Neuroradiology

Bi-plane Angiography
Huntington Hospital has reached a new level of excellence by being the first health care facility in the San Gabriel Valley to open a biplane angiographic suite with specific neurointerventional capabilities. There is also a newly refurbished interventional radiology suite dedicated to diagnostic and interventional radiology and vascular procedures.
Patients with cerebrovascular disease, including aneurysms and other vascular malformations of the brain, will have more treatment options than ever before. With the new equipment, the patient's hospital stay is shorter than when conventional surgery is performed and recovery time is usually quicker.
"The new biplane digital angiographic equipment provides the physician or surgeon with two real-time views of the position of the micro-catheter or device within the cerebral circulation. This information is very useful, both as an aid to the navigation of the catheter and for the purpose of increasing safety.

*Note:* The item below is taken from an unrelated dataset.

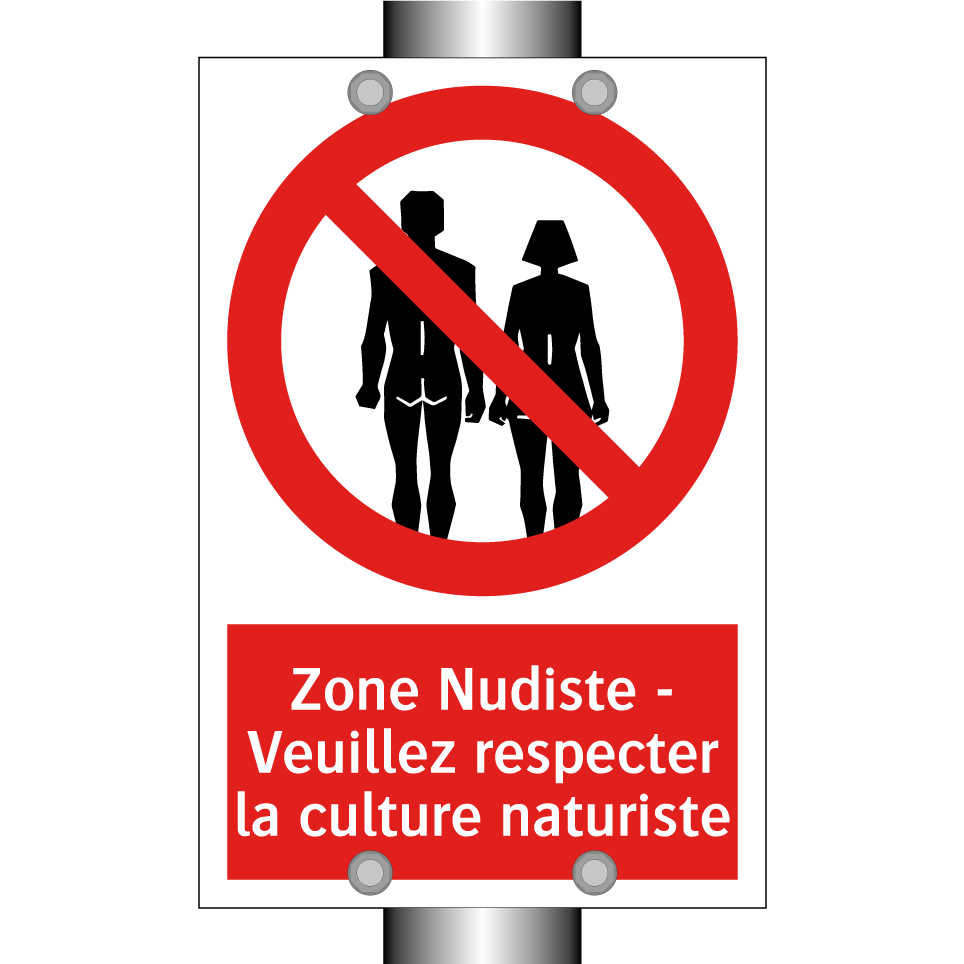 Panneau d'interdiction avec le texte : "Zone Nudiste - Veuillez respecter la culture naturiste" et une symbolique claire.

We will be able to perform more difficult procedures with a higher degree of accuracy," says Ian Ross, MD, Huntington Hospital neurosurgeon.
Conditions that can be treated in the interventional suites include: stroke, aneurysms, intracranial atherosclerosis, extracranial atherosclerosis and spinal compression fractures. Huntington Hospital interventionalists can perform aneurysm coil occlusion, intracranial angioplasty for stroke prevention, and carotid/cerebral angiogram with 3-D imaging capability among others.
Radiology and vascular procedures include: diagnostic angiography, peripheral vascular balloon angioplasty, embolization, vertebroplasty and more. In many cases, general anesthesia is not required for interventional radiology procedures and many of those procedures are performed on an outpatient basis or require only a short hospital stay.
The interventional radiology suites are located on the ground floor of the East Tower.